The Happy Sleeper

June 21, 2023 [books] #parenting

Book: The Happy Sleeper
Author: Heather Turgeon, Julie Wright


The good: to the point and after some experimenting, the technique appears to be working so far. The bad: I wish they had citations for each of the claims they make about trauma, protest crying and such. While there are footnotes and links to studies or peer reviewed research, these are not easily accessible and sparser than I thought it should be. Still this is a 4-star book because it’s arrival was really opportune, right around the time the terror was ready for sleep-training and for all its faults, the authors stick to a process and don’t hedge.

The Routine

Here's a routine that worked for us. First, get a lovey. It is a transitional toy that comforts the baby. While the baby can play with it, its role is to act as cue to the baby that it’s time to sleep. This could be a tiny blanket or some stuffed toy. Another thing you would need is a speaker to play some white noise. Babies around the 5 month age are highly amenable to routines and this is the perfect time to train them. The goal is to help the baby to soothe herself and not depend on you, the parent, for it. While there are no long term consequences for the baby, there are immediate benefits for the working parents' mental health. The training process takes a few days, less than a week. The trick is to be consistent and use it for all naps, without exception. 5 months is perfect for training because the baby can roll around and move, and hence put herself in a position she likes. It's best to train after 4 months also because that's when the baby's circadian rhythm has settled and she's ready for longer night time sleep.

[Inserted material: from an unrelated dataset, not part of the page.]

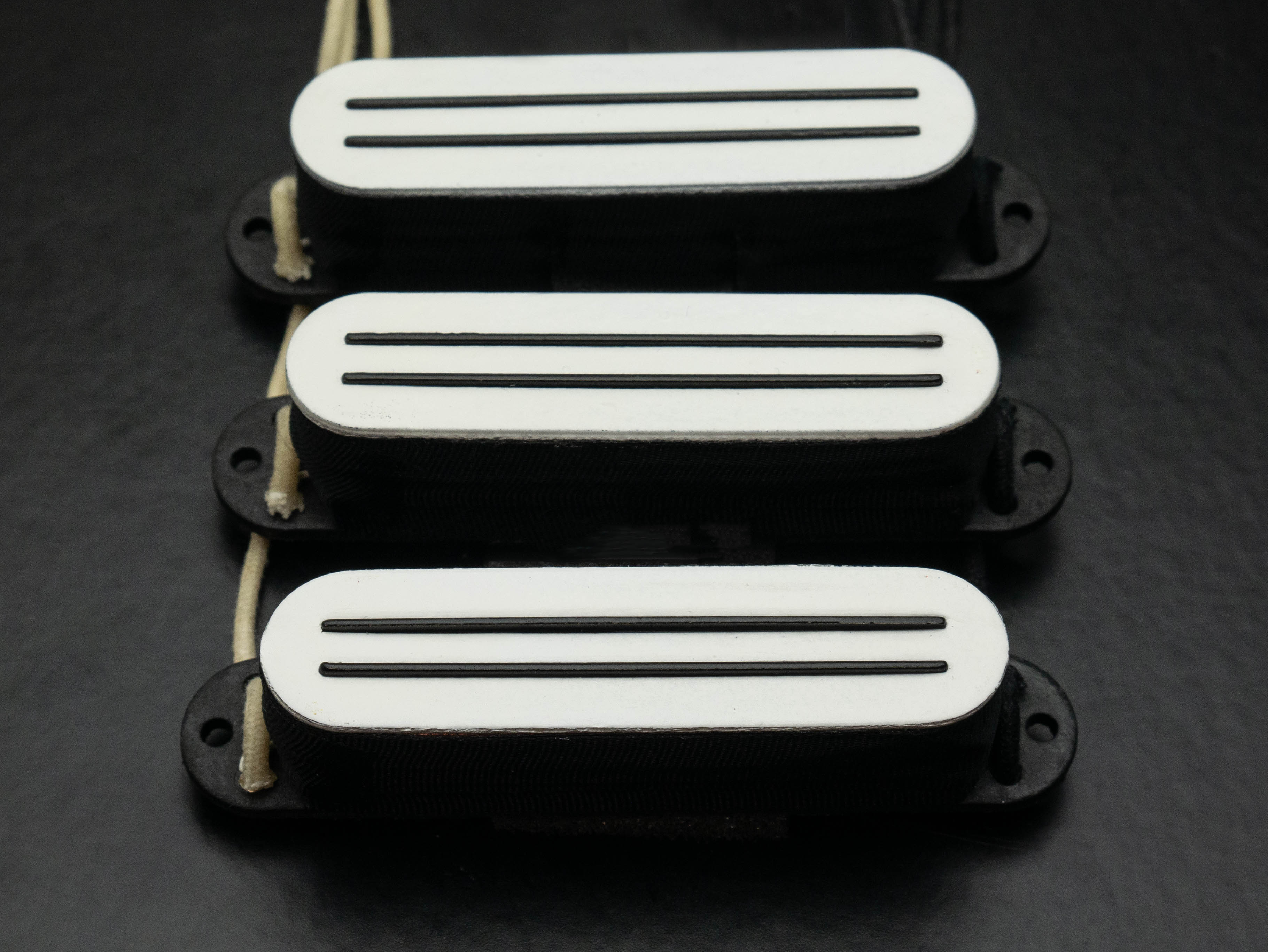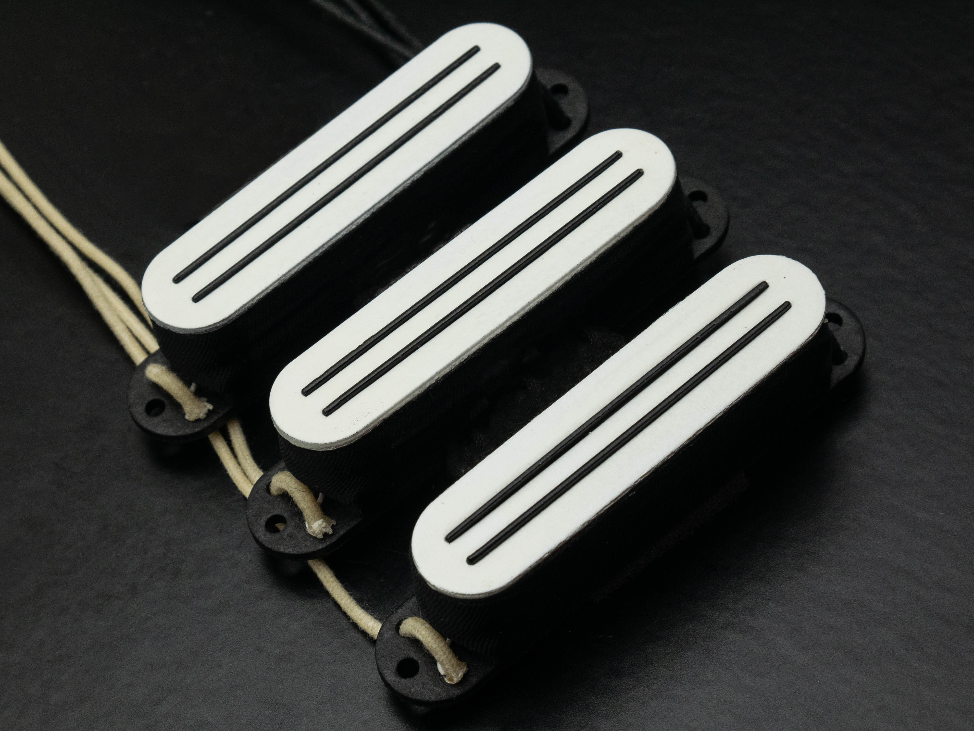 Cobra Strat singlecoil set in white with custom black blades

When the baby is ready for a nap, we do the following:

  1. Darken the room with black out curtains.
  2. Play white noise. If you have a HomePod, say "Hey Siri, play white noise."
  3. Put the baby in the crib and say some comforting words. For us, in the night it is “Good night kannu kutti. Naanga inga dhan irukom”. During the day, it’s “Thoongu kanna. Inga dhaan irukom.” Remember, babies are highly amenable to routines, so it's better for us to stick to the same script each time.
  4. Give her the lovey. Then move out of sight or leave the room.
  5. The baby plays for a bit and will sleep at the end of it, in 10 min or so. If the baby doesn’t sleep in 10 min, giving a pacifier will put her to sleep in a few seconds. We give the pacifier and pat her gently for a bit till she’s asleep.
  6. If baby hasn’t slept after her lovey play and is instead crying, wait for exactly a minute and give the pacifier. She should be crying loudly. Moaning or purring or making protest noises is not crying.
  7. We initially played Moon Child album by Bombay Jayashree at the end of play, but now the baby sleeps with just the white noise. Still useful to play the same music each time and that music should be used only for sleep. That’s a powerful cue.
  8. The crib, lovey, darkened rooms and white noise should be used only for sleeping. Once she gets up, open the blinds, turn off the white noise, and mover her from the crib. The lovey stays with the crib.
  9. We have noticed that tiring the baby during wake hours with tummy time would result in deeper naps and longer night time sleeping.
  10. Having a night diaper during the initial training also helps. Now she sleeps through most of the night without the night diaper.
    • I don't recall anything in the book about wet diapers waking up the child, but it was a constant issue for us. This was quite the game changer.
  11. If the baby gets up before the expected time, unless she’s wet her diapers, give her space to fall asleep by herself. If she cries, pat her gently and she should fall asleep. Else give the lovey and follow the routine. If the baby is inconsolable, she has probably wet her diapers or is hungry.
  12. In preparing for night time sleeping, following the same routine in the lead up to the crib helps a lot. We bathe her, read a book, and quieten the entire house. We gradually turn of the lights in the room we feed her. This is almost always around the same time each day, starting around 5 30 PM. She's in the crib between 7 and 7 30 PM.
  13. For day time naps, an assertion from the book that turned out to be true for our baby: she's sleepiest every 90 minutes from her last wake time. She's usually asleep in a few minutes when provided the right cues.
  14. Unless unavoidable, ensure that the baby goes to sleep only in the crib under the designed circumstances. Try not to get her to sleep by carrying and juggling her or at the feeding bottle.